Expression of the peroxisome proliferator activated receptor gamma gene is repressed by DNA methylation in visceral adipose tissue of mouse models of diabetes.

BACKGROUND

Adipose tissues serve not only as a store for energy in the form of lipid, but also as endocrine tissues that regulates metabolic activities of the organism by secreting various kinds of hormones. Peroxisome proliferator activated receptor gamma (PPARgamma) is a key regulator of adipocyte differentiation that induces the expression of adipocyte-specific genes in preadipocytes and mediates their differentiation into adipocytes. Furthermore, PPARgamma has an important role to maintain the physiological function of mature adipocyte by controlling expressions of various genes properly. Therefore, any reduction in amount and activity of PPARgamma is linked to the pathogenesis of metabolic syndrome.

RESULTS

In this study, we investigated the contribution of epigenetic transcriptional regulatory mechanisms, such as DNA methylation, to the expression of the PPARgamma gene, and further evaluated the contribution of such epigenetic regulatory mechanisms to the pathogenesis of metabolic syndrome. In 3T3-L1 preadipocytes, the promoter of the PPARgamma2 gene was hypermethylated, but was progressively demethylated upon induction of differentiation, which was accompanied by an increase of mRNA expression.
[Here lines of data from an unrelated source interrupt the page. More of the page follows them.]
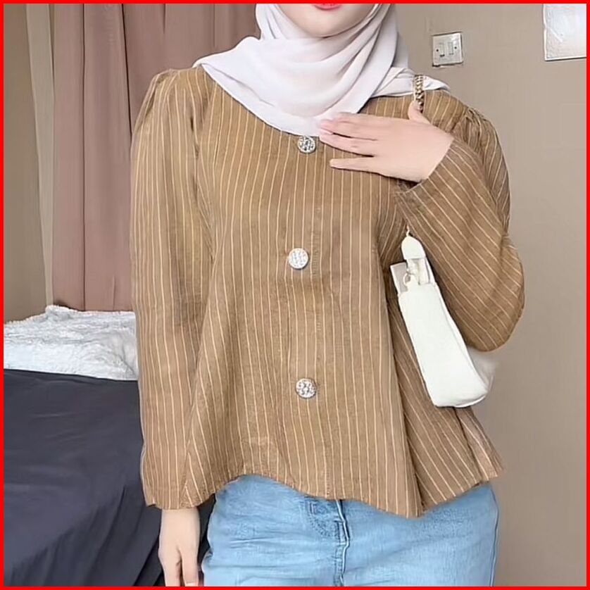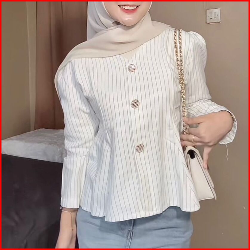 Lbitz- Arika Blouse Stripe Atasan Wanita Peplum Blouse Lengan Puff Salur Lengan Panjang
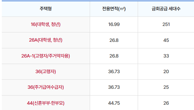 행복주택은 신청자격에 따라 신청할 수 있는 평형이 있습니다.
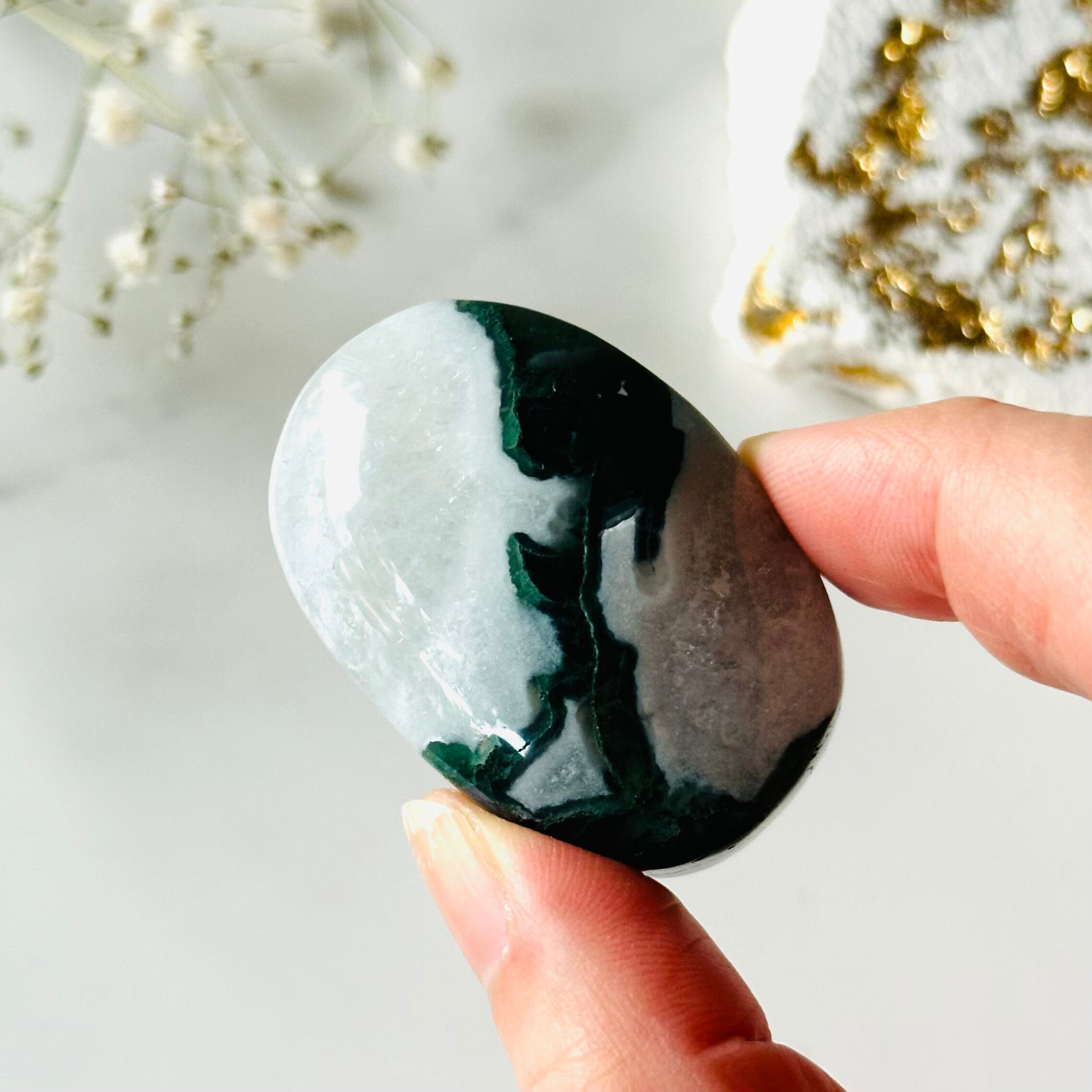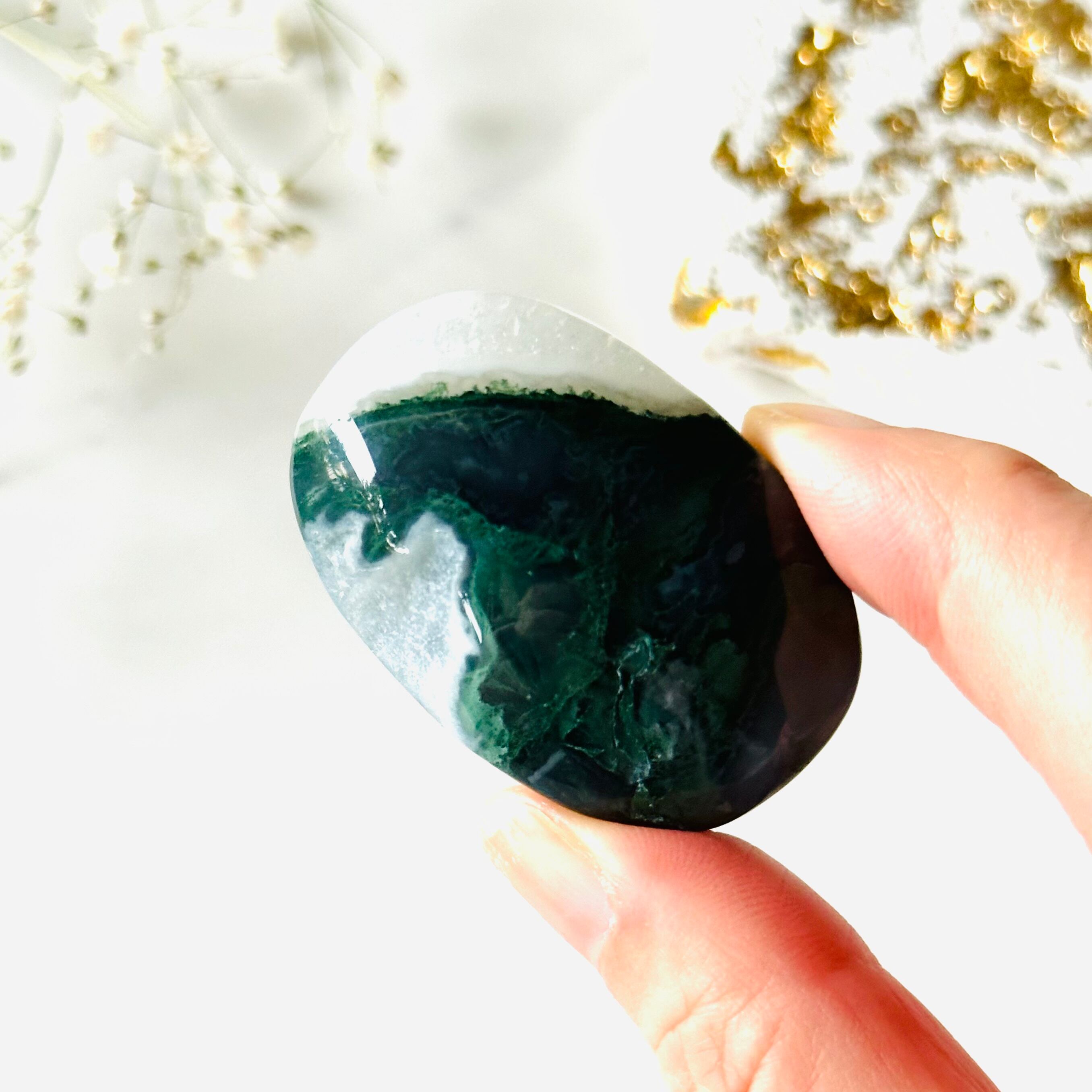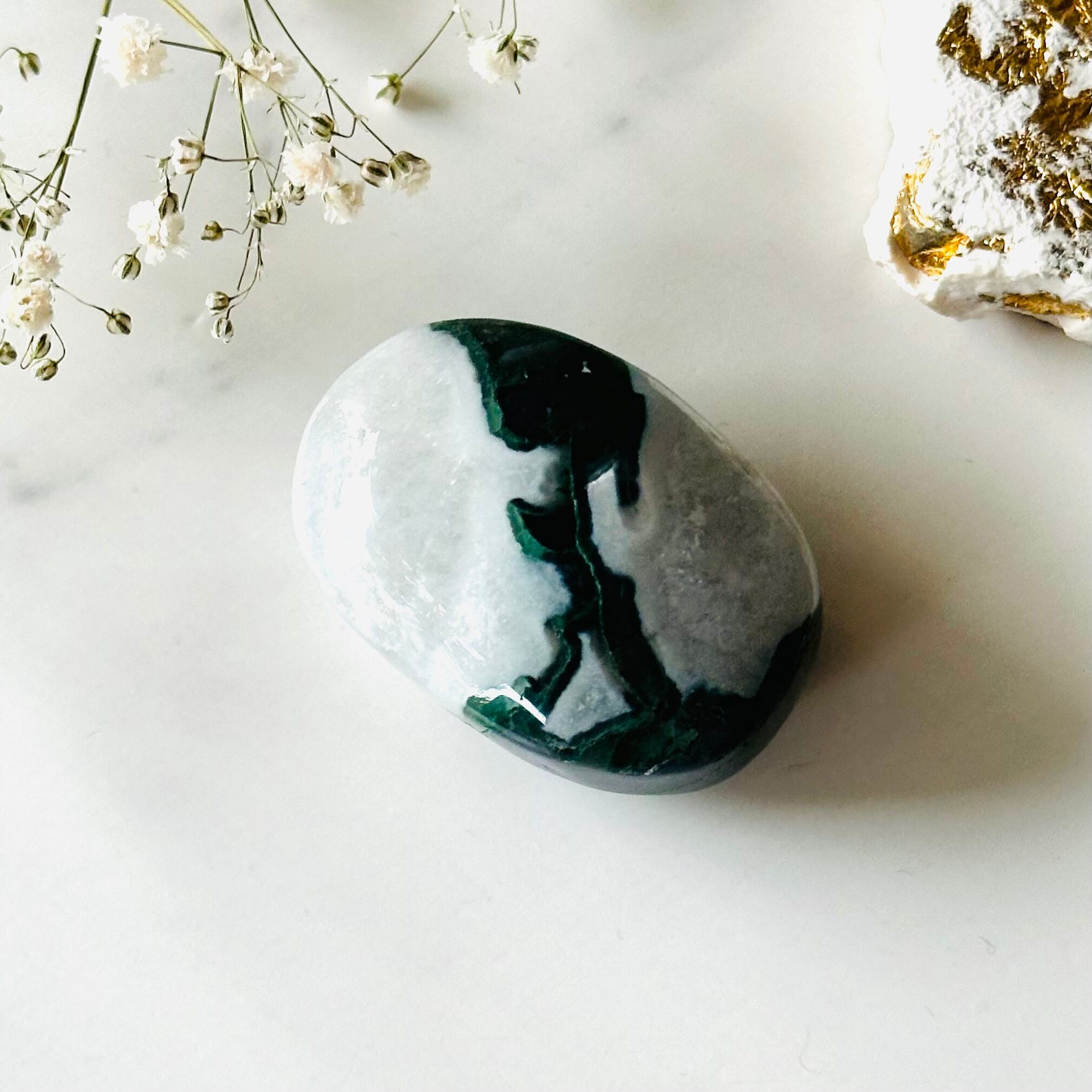 まっさらな白と綺麗なグリーンが美しいモスアゲートのタンブルです。観葉植物の代わりに、癒しのグリーンをインテリアに取り入れてみてはいかがでしょうか。

Moreover, treatment of cells with 5'-aza-cytideine, an inhibitor of DNA methylation, increased expression of the PPARgamma gene in a dose-dependent manner. Methylation in vitro of a PPARgamma promoter-driven reporter construct also repressed the transcription of a downstream reporter gene. These results suggest that the expression of the PPARgamma gene is inhibited by methylation of its promoter. We next compared the methylation status of the PPARgamma promoters in adipocytes from wild-type (WT) mice with those from two diabetic mouse models: +Leprdb/+Leprdb and diet-induced obesity mice. Interestingly, we found increased methylation of the PPARgamma promoter in visceral adipose tissues (VAT) of the mouse models of diabetes, compared to that observed in wild-type mice. We observed a concomitant decrease in the level of PPARgamma mRNA in the diabetic mice compared to the WT mice.

CONCLUSION

We conclude that the expression of PPARgamma gene is regulated by DNA methylation of its promoter region and propose that reduced expression of PPARgamma owing to DNA methylation in adipocytes of the VAT may contribute to the pathogenesis of metabolic syndrome.